Copy, word for word, the lines below from the one containing "Garfield, Easter Set, Children's" up to and including the one containing "This board came", with pictures left out.

SUPPLIED INFORMATION |
######

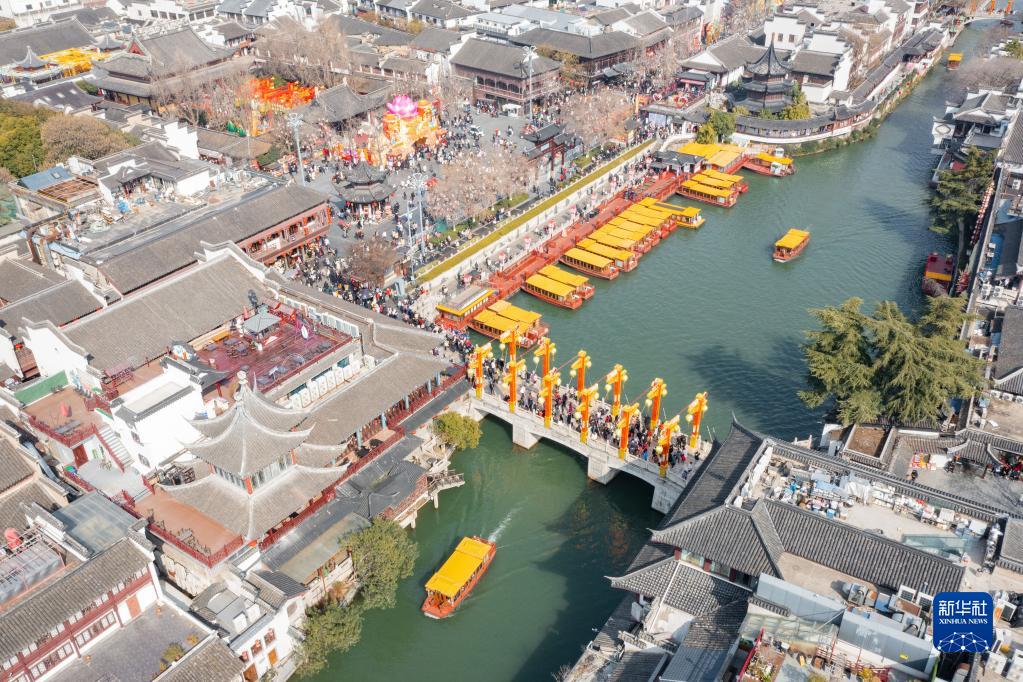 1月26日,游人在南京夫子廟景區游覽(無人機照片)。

######

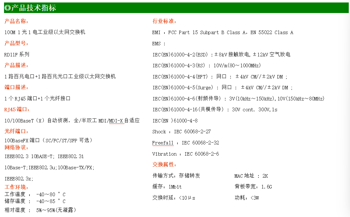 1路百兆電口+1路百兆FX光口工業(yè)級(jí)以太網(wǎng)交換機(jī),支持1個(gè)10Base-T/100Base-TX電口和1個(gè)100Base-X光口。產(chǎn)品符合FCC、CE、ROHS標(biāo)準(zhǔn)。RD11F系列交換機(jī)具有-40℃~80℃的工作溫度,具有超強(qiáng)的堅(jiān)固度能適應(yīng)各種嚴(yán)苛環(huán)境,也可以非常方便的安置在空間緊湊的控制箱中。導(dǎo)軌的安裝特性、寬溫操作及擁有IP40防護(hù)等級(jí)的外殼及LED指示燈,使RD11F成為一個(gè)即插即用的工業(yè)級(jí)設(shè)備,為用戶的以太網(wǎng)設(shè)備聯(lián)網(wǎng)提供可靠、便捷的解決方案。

######

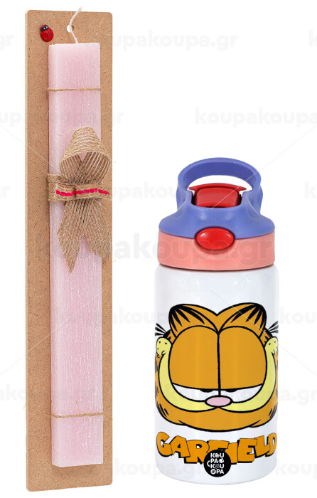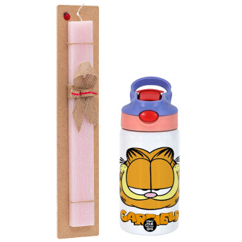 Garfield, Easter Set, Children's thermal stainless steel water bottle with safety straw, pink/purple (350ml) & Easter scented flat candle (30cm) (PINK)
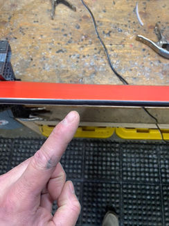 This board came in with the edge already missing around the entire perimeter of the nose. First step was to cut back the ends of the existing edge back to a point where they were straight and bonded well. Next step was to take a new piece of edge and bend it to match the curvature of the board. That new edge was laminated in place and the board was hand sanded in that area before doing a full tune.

######

WRITTEN ANSWER |
 Garfield, Easter Set, Children's thermal stainless steel water bottle with safety straw, pink/purple (350ml) & Easter scented flat candle (30cm) (PINK)
 This board came in with the edge already missing around the entire perimeter of the nose. First step was to cut back the ends of the existing edge back to a point where they were straight and bonded well. Next step was to take a new piece of edge and bend it to match the curvature of the board. That new edge was laminated in place and the board was hand sanded in that area before doing a full tune.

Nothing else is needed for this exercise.